Leaky Gas Lines Framed as Profit Loss

When natural gas is extracted, processed, and transported, methane -- which makes up as much as 90 percent of natural gas -- is often lost to leaks or vented into the atmosphere. Since methane is a global warming pollutant much more potent than carbon dioxide, methane pollution accelerates and magnifies climate change. Capturing currently wasted methane for sale could reduce pollution, enhance air quality, improve human health, conserve energy resources, and bring in more than $2 billion of additional revenue each year.

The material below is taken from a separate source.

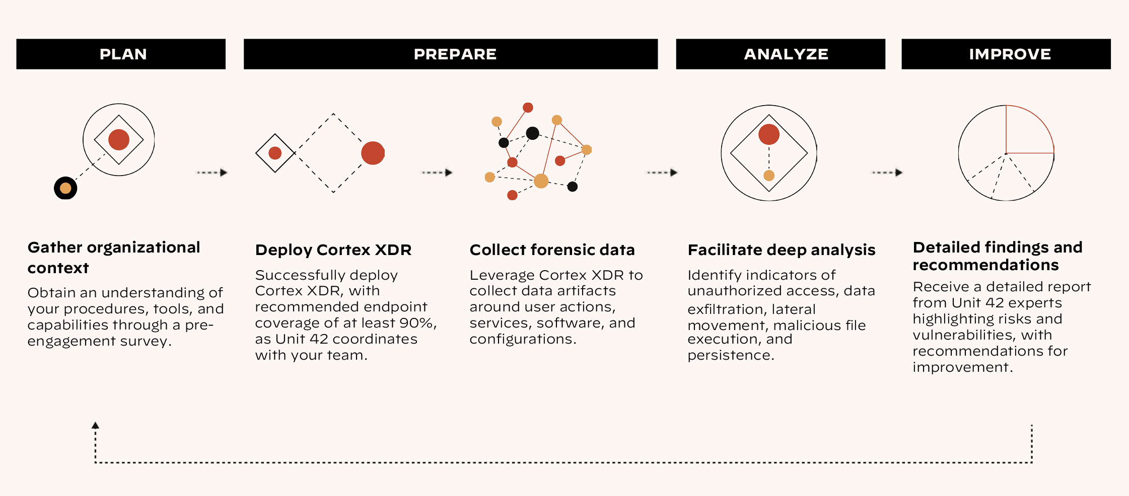 We’ll partner with you to collect the right data and search for precise indicators to uncover the most dangerous and unknown threats and exploited vulnerabilities across your infrastructure. You will also uncover nonmalicious activity that increases cybersecurity risk but ordinarily slips under the radar, such as local administrator accounts, potentially exposed credentials, and suspected shared or default accounts. With this knowledge, you will gain recommendations that are prioritized and aligned with your overall security strategy. Recommendations will be prioritized by criticality and level of difficulty, to help organize your remediation efforts. Unit 42 delivers a holistic view of your attack surface and helps you understand how to limit your exposure so you can achieve peace of mind.
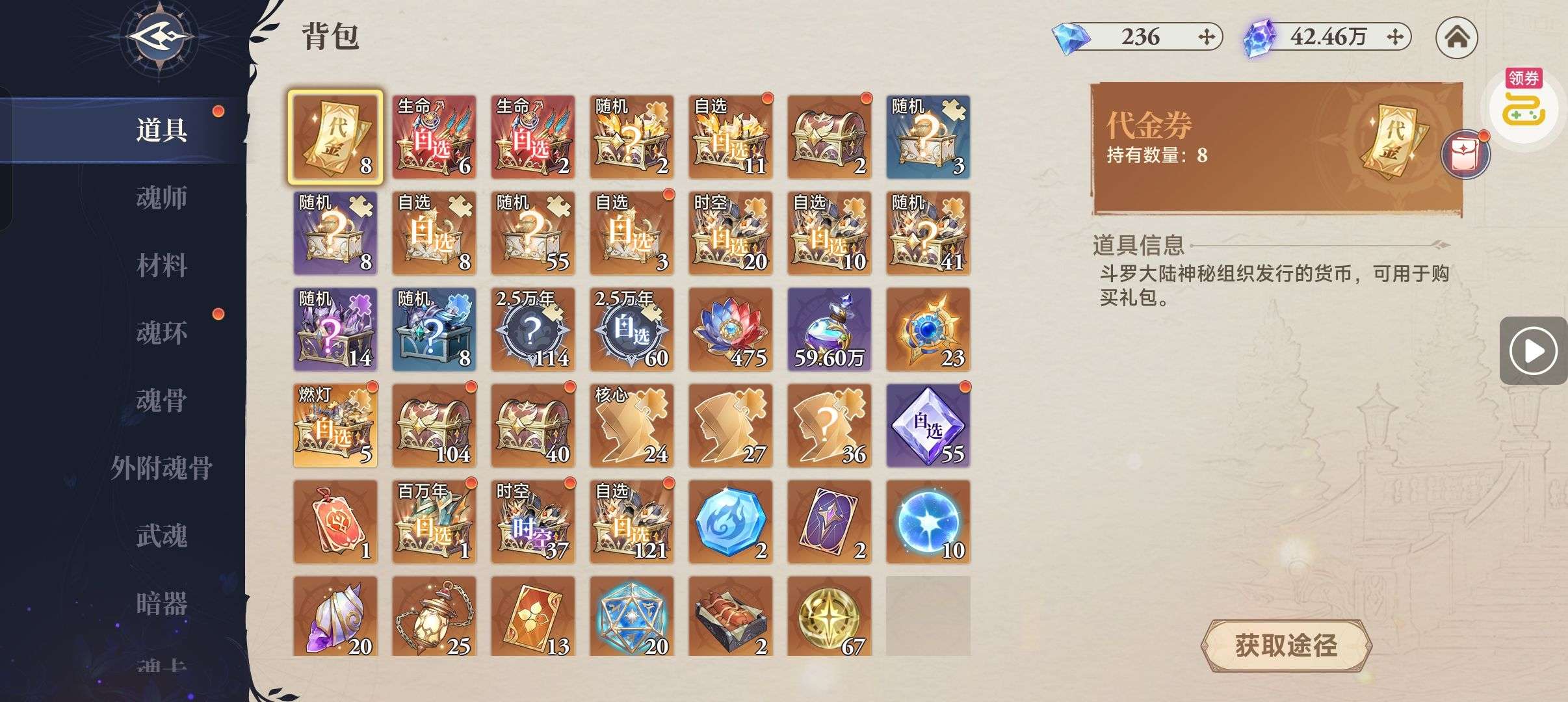 魂晶*888,魂师召唤券*10,武魂水晶*5(每个账号限领一次)

A new Nation Resource Defense Council (NRDC) report recommends ten (10) technically proven, commercially available, and profitable methane emission control technologies together can capture more than 80 percent of the methane currently going to waste. The U.S. Environmental Protection Agency (EPA), other federal agencies, and the states should require use of these technologies for methane control, and the oil and gas industry should move quickly to adopt these measures.

In the meantime...

The US Environmental Protection Agency’s deadline for issuing New Source Performance Standards to reduce air pollution from oil and gas drilling and production is expected to be extended from a court-ordered Apr. 3 deadline to Apr. 17 2012.  EPA said it needed more time to review public comments. On July 28, 2011, EPA proposed the rules, which involve several processes previously not subject to federal regulations, including hydraulic fracturing. The new standards are aimed at reducing emissions of volatile organic compounds (VOC).